A few weeks ago, I blogged here about having stumbled on a protest outside the South Afican Embassy in Trafalgar Square while showing a visiting friend around London. It seems many Zimbabwean exiles are angry that the South African government (at best) appears to be doing nothing to help the democratic opposition to Robert Mugabe’s regime or (at worst) seems to be propping it up and making excuses for it.
Zimbabwean activists in London, with the help of Peter Tatchell (who else, frankly?) upped the ante: South African Foreign Minister, Dr Nkosazana Dlamini Zuma, was ambushed by 10 black Zimbabwean human rights activists in London last tonight. Her lecture at the London School of Economics was repeatedly interrupted with accusations of: “ANC betrays black Zimbabwe”.
Ironically, one of the themes of Dr Zuma’s speech was “international solidarity”. She praised the late ANC president, Oliver Tambo, saying he was an “ardent internationalist” and a person who believed in “true solidarity”.
Alois Mbawara, one of the protesters, said: “We were sickened to hear Dr Zuma talk about international solidarity when her government is refusing to show solidarity with the persecuted people of Zimbabwe!”
“Why are you doing nothing to help Zimbabwe? The ANC called for solidarity against apartheid. But the ANC government is showing no solidarity with the people of Zimbabwe,” he shouted from the balcony, interupting Dr Zuma’s speech.
Stewards dragged Mbawara out of the auditorium.
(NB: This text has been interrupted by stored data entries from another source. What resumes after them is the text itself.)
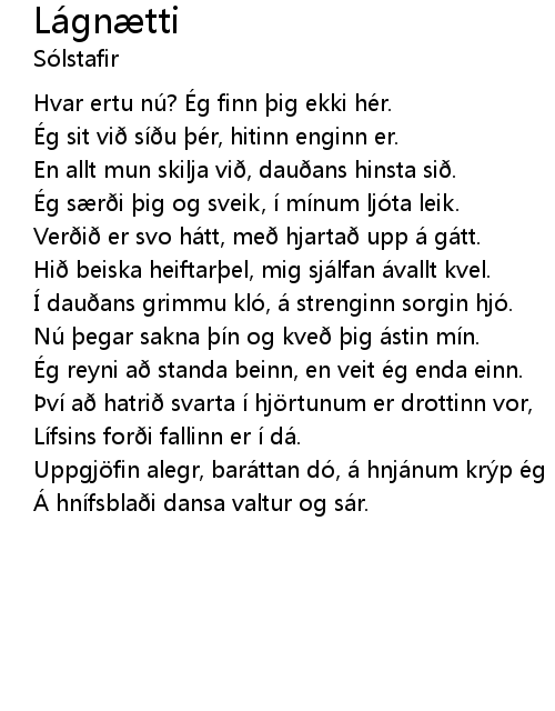 | Nú egar sakna í n og kve ig á stin mí n. | |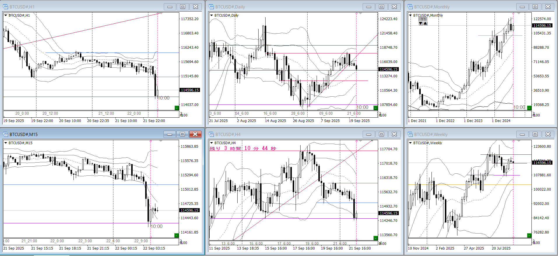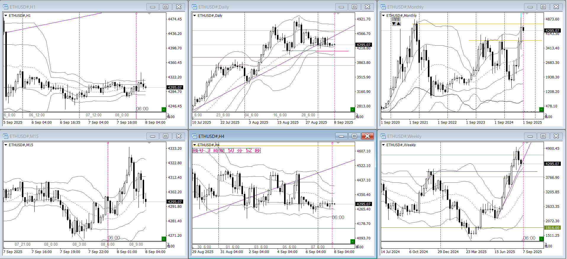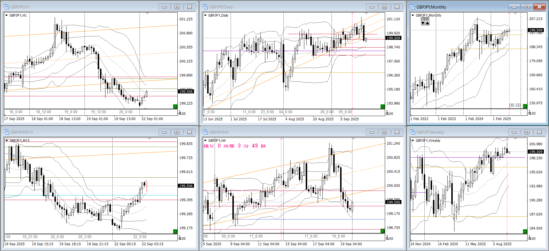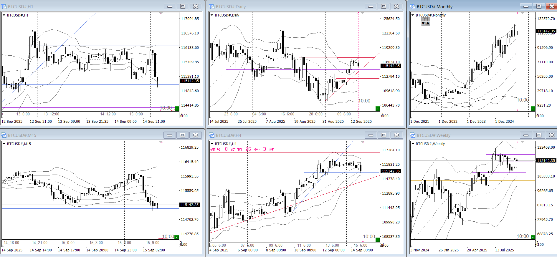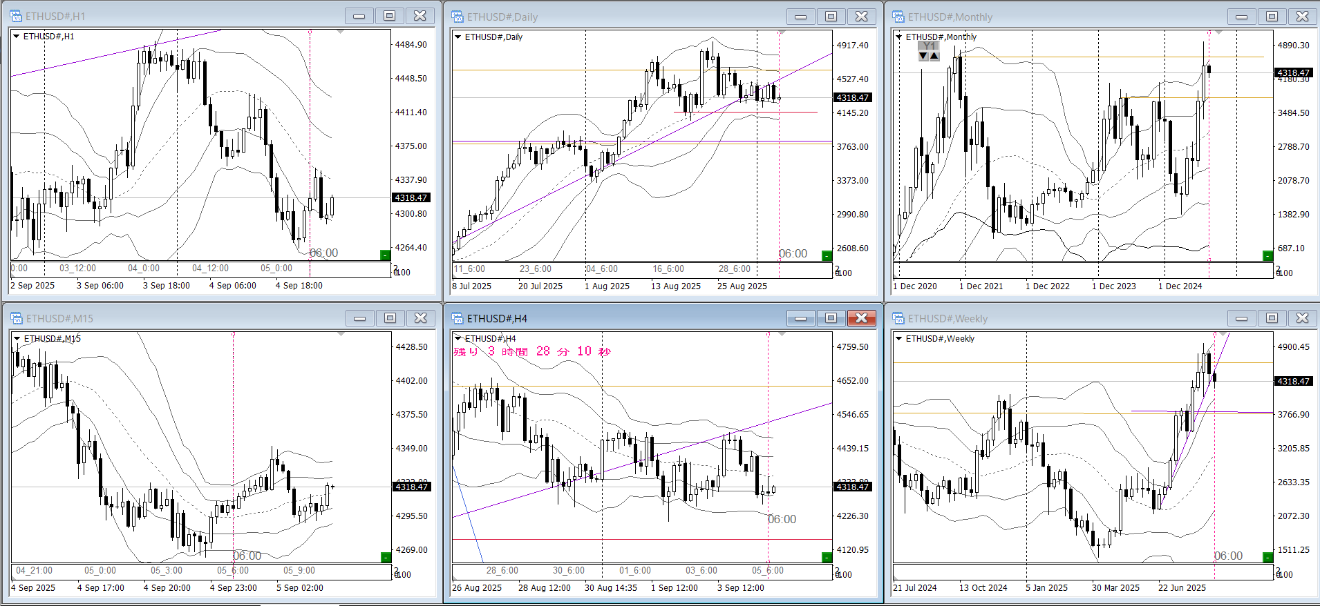 4Hダウ継続点(1Hレンジ上限)での1σ反発を待つ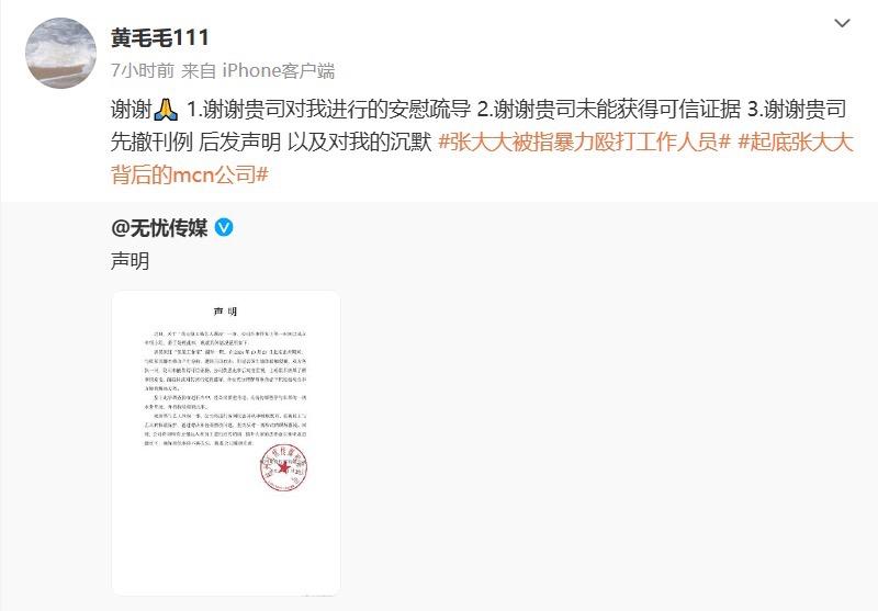 对@黄毛毛1111 被无忧媒体工作人员威胁的问题,该声明只表示“然后继续对其进行安慰和疏导”。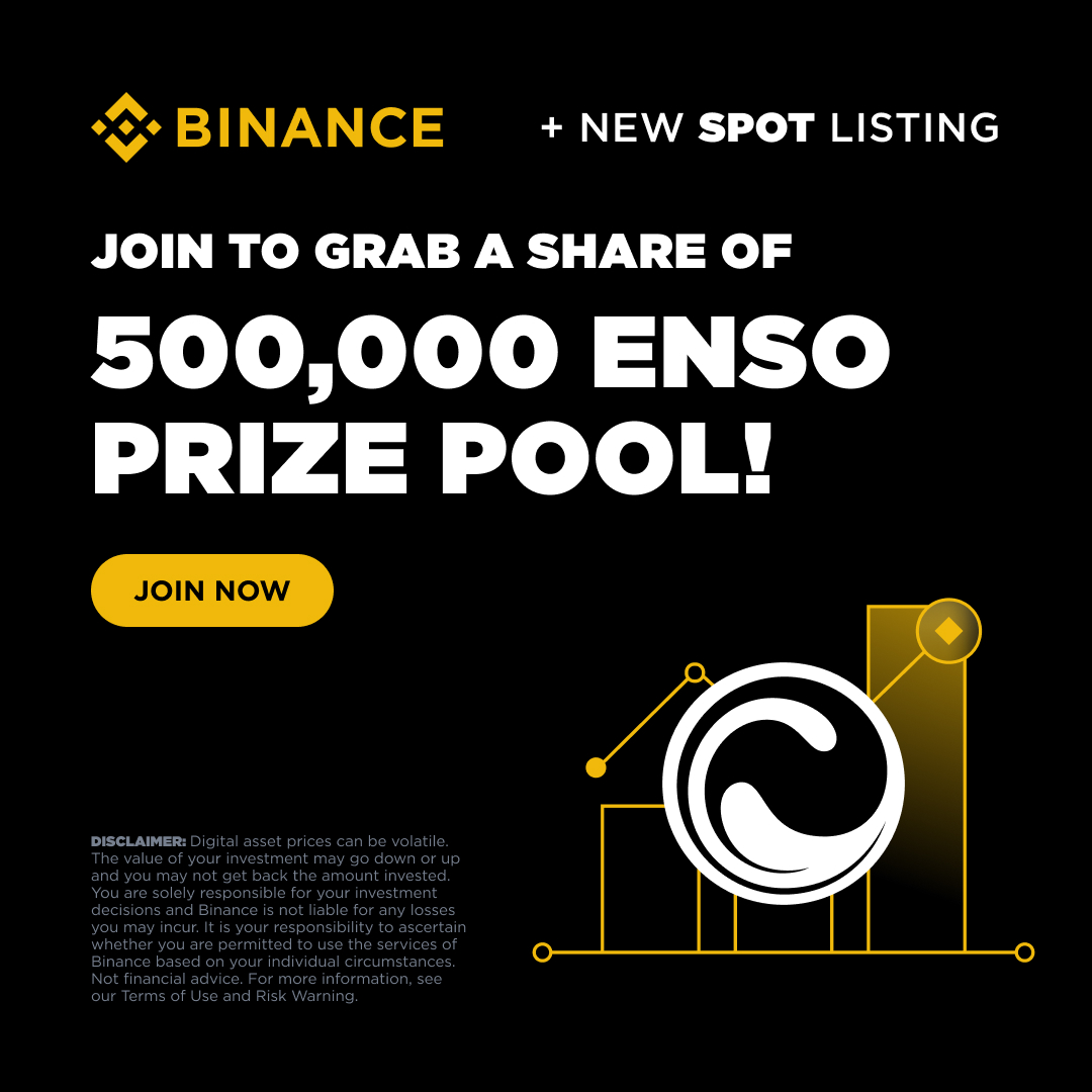 Enso @EnsoBuild 现已在 Binance Spot 上提供。 总共 500,000 张 $ENSO 代币代金券等你来赢取! 了解更多👉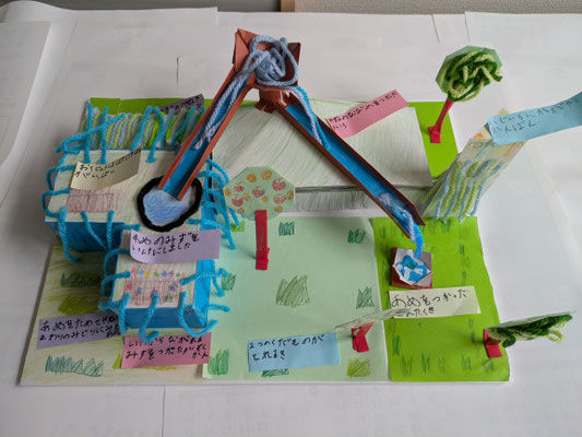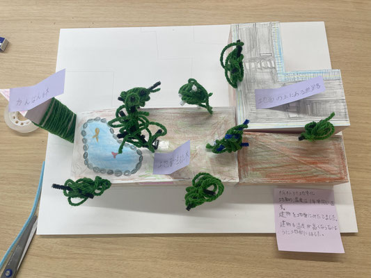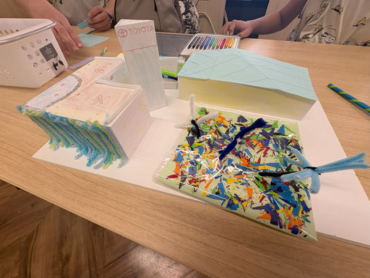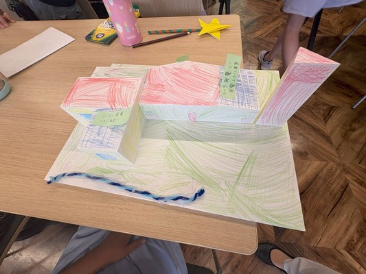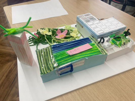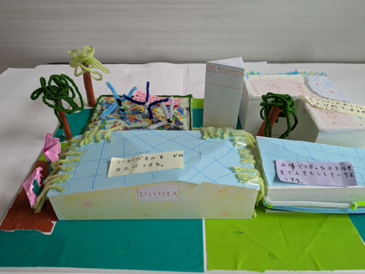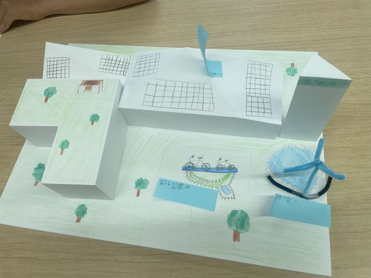 「屋上緑化」や「太陽光パネル」などコメントが書かれているのを見ると、なにか環境を意識したイベントだったのでしょう。子供たちの自由な発想が模型にカラフルに現れて、とても明るく楽しい作品になりましたね。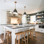 This modern farmhouse kitchen was created to match the style and feel of the rest of the historic house built in the 1700s. Reclaimed flooring and counters, white fully custom Grabill cabinets, a farmhouse sink, and marble counters complete this lovely kitchen. Design and Installation by Main Street at Botellos. Photography by Eric Roth.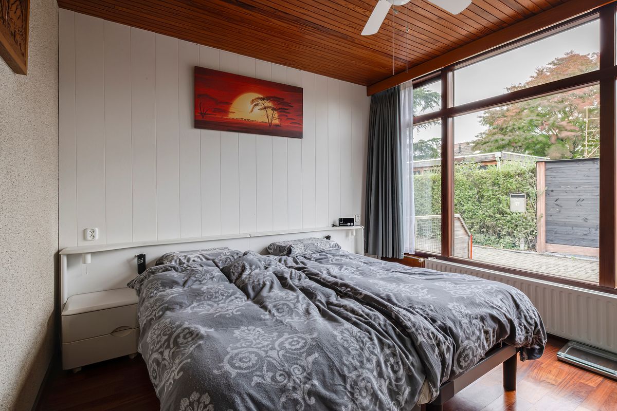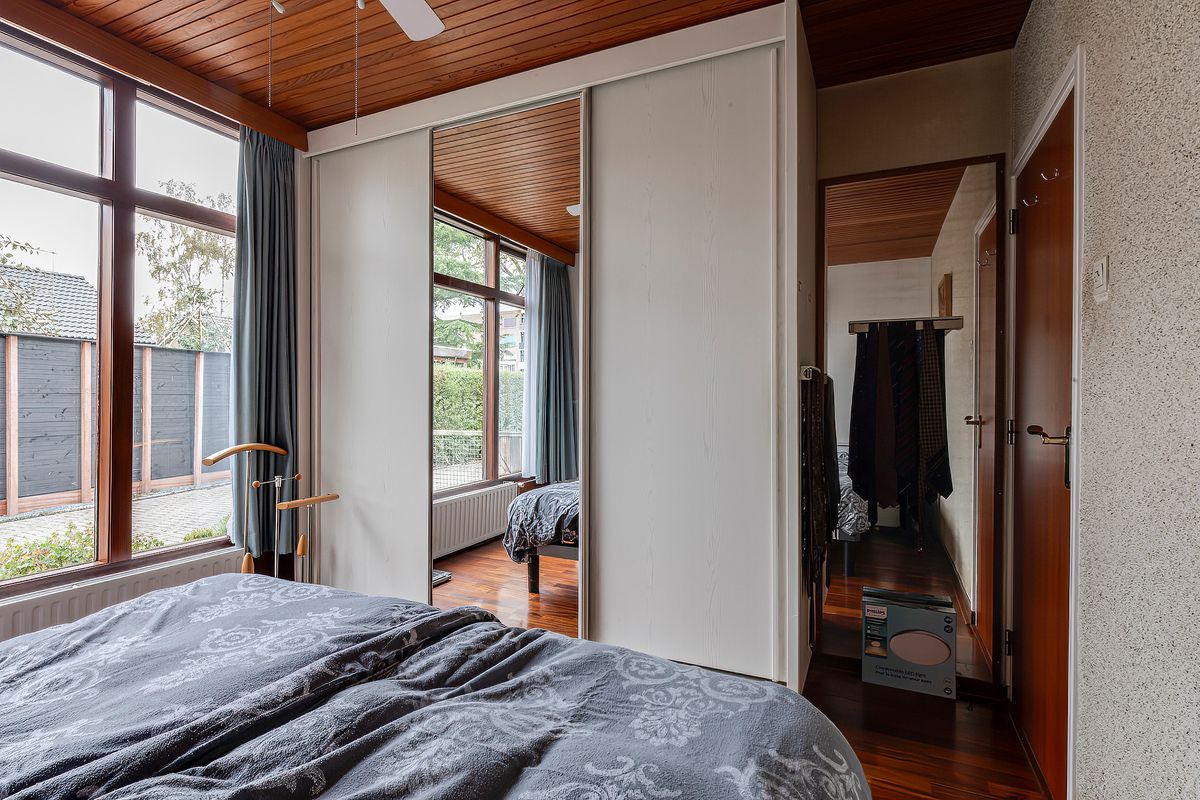 De ruime slaapkamer is gelegen aan de voorzijde van het huis en beschikt over een royale schuifkastenwand met hang- en leggedeelten; ideaal voor een georganiseerde garderobe.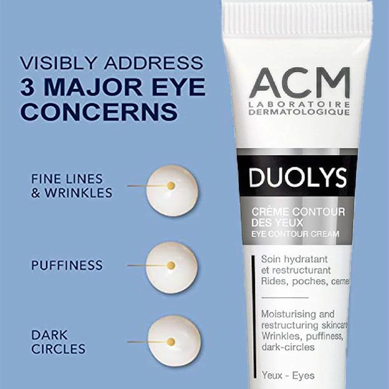 عملکرد ترکیبات کلیدی کرم دور چشم ای سی ام مدل DUOLYS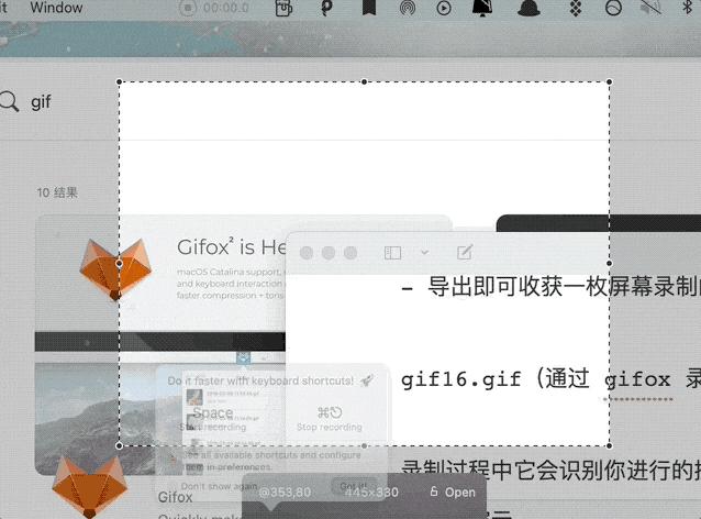 录制过程中它会识别你进行的操作,比如鼠标点击、键盘输入等,很适合用作演示。除此之外,Gifox 还提供录制窗口吸附功能,打开 Gifox 后点击界面左上角窗口图标唤出 start window selection 即可选择所吸附的窗口开始录制。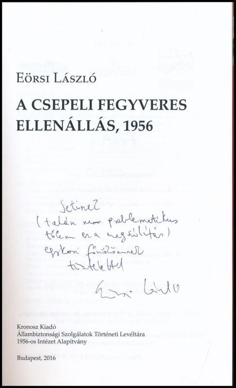Eörsi László: A csepeli fegyveres ellenállás, 1956. A szerző, Eörsi László (1955-) történész által DEDIKÁLT példány! Bp., 2016, Kronosz, Állambiztonsági Szolgálatok Történeti Levéltára, 1956-os Intézet Alapítvány. Fekete-fehér képekkel gazdagon illusztrált. Kiadói papírkötés.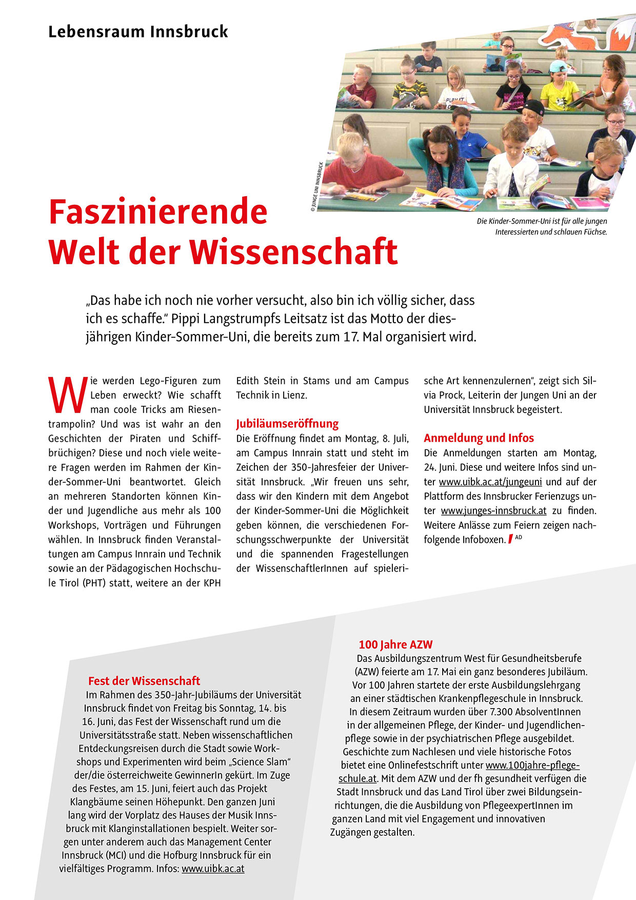 24. Juni. Diese und weitere Infos sind unter www.uibk.ac.at/jungeuni und auf der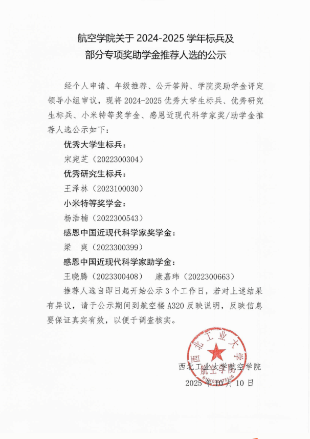 上一篇:航空学院关于2024-2025学年先进集体推荐的公示 下一篇:航空学院关于2024-2025学年本科生国家奖学金推荐人选的公示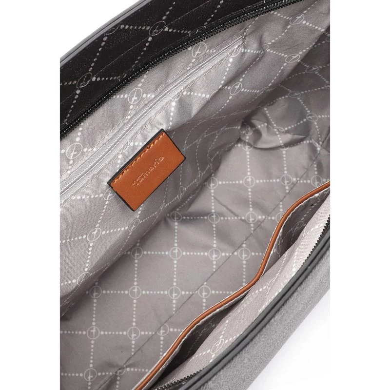 Tamaris márkájú, divatos női kézitáska. Külső rész anyagösszetétele % Polychlorid 70, Polyurethan 30, belső része Polyester 100%. Vállpánttal rendelkezik, melynek mérete 150cm. Kézi fogantyú mérete 22cm. A táska méretei: (szélesség x mélység x magasság) 39 x13 x29 cm. Származási hely: Kína Sebastiano cipő webáruház Tamaris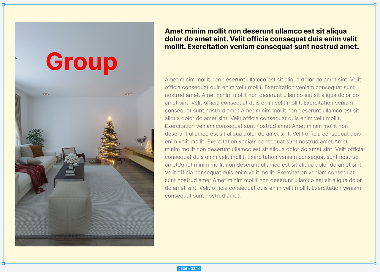 이번에는 동일한 이미지, 텍스트 요소를 사각형(R)을 만들어 그 위에 위치 시켜놓은 상태에서 그룹 Command + G 으로 만들었습니다.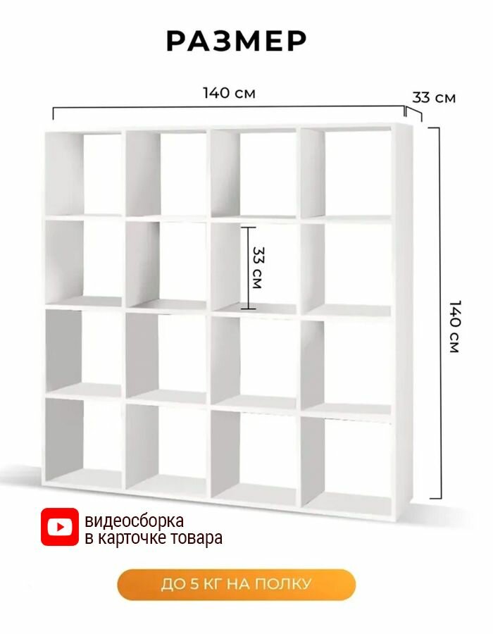 Стеллаж деревянный напольный белый, 16 ячеек, 140х140х33 см 7 900 ₽

At which point, Tatchell walked onto the stage and unrolled a placard saying: “Mbeki’s shame. ANC betrays black Zimbabwe.”
As security guards tried to wrestle him from the stage he called out to Dr Zuma:
“The ANC sits on its hands and looks the other way while Zimbabwe burns,” he told Dr Zuma.
“The ANC sits on its hands and looks the other way while Zimbabwe burns! Mugabe has murdered more black Africans than the apartheid regime. In Matabeleland in the 1980s alone, he massacred 20,000 civilians. That is the equivalent of a Sharpeville massacre every day for nine months. Yet South Africa does noting effective to stop the killing. President Mbeki’s quite diplomacy is a failure. Mugabe’s abuses have increased, not diminished.”
As if working in relays, another activist, Wellington Chibanguza, replaced Tatchell once he’d been ejected.
“Why do you and your government persist with quite diplomacy when it has failed to deliver?” he shouted at Dr Zuma.
He too was dragged out of the venue.
Chibanguza said afterwards, “Throughout the protests she sat silent, motionless and grim-faced. Much of the audience was riled by her arrogant, heartless refusal to express even a few words of solidarity with the Zimbabwean people. They urged her to say something. I think she lost a lot of respect because of her intransigent attitude.”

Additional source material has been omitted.